For Paul Greene, director of the Manhattan Center for Cognitive-Behavioral Therapy, without data behind PLR, we don’t know what it can do to people, and thus, clients cannot provide informed consent. “Perhaps more damaging than believing a false memory is erroneously believing that therapies without evidential bases are viable options for real health-care needs,” he explains. “For this reason alone, PLR shouldn’t be administered by ethical and conscientious providers.”
Hagood concedes that there are limitations when it comes to proving the efficacy of PLR. “How can we prove these experiences are real and not made up?” she asks. “We can’t and may never be able to.” Though many PLR practitioners refer to the process as “past-life regression therapy,” Hagood makes a conscious effort to avoid the T-word, always referring to it as hypnosis. She also avoids words like “treat” and “cure,” and requires referrals for clients being treated for mental-health issues, in order to make sure it’s safe.

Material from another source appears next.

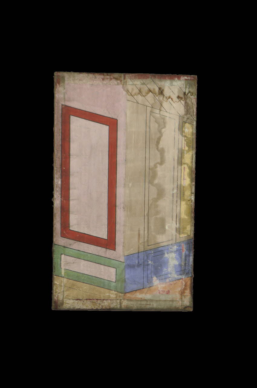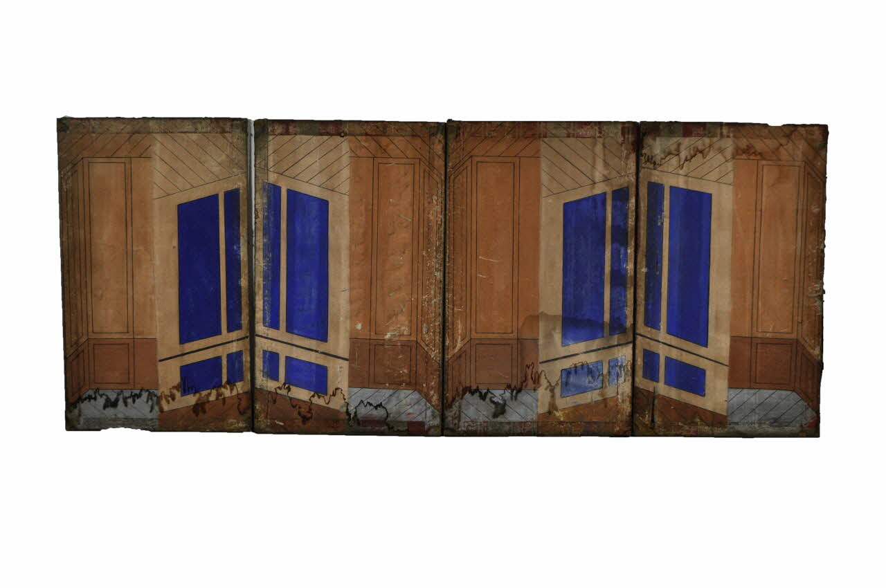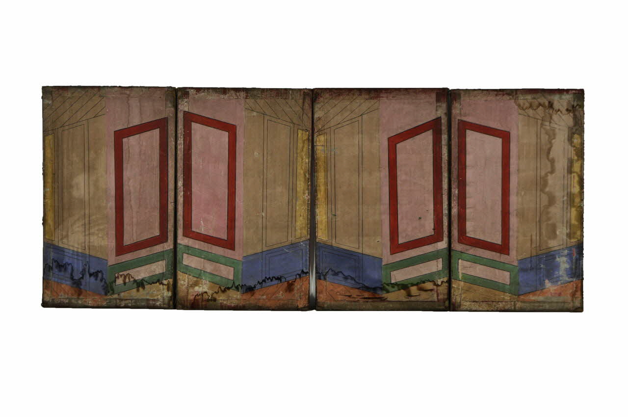 Le décor peint se retrouve sur les deux faces. La première montre un intérieur d'appartement avec des lambris de couleurs rouge, vert et bleu. La seconde présente également un décor d'intérieur d'appartement avec un élément peint en bleu foncé.Matériaux et techniques

Regardless, Hagood believes PLR helps people draw similar conclusions as they do in therapy, especially for those who’ve struggled with looking inward in the same way she once did. “Our brains process information through the filter of our belief systems, so it’s possible that these experiences aren’t residue from past lives, but instead are metaphors to help clients better understand situations,” Hagood says. “Whether or not PLR is real, it can be a profound experience for some and help them live a fuller, happier life.”
If Hagood has to take a trip to the 17th century to get people there, so be it.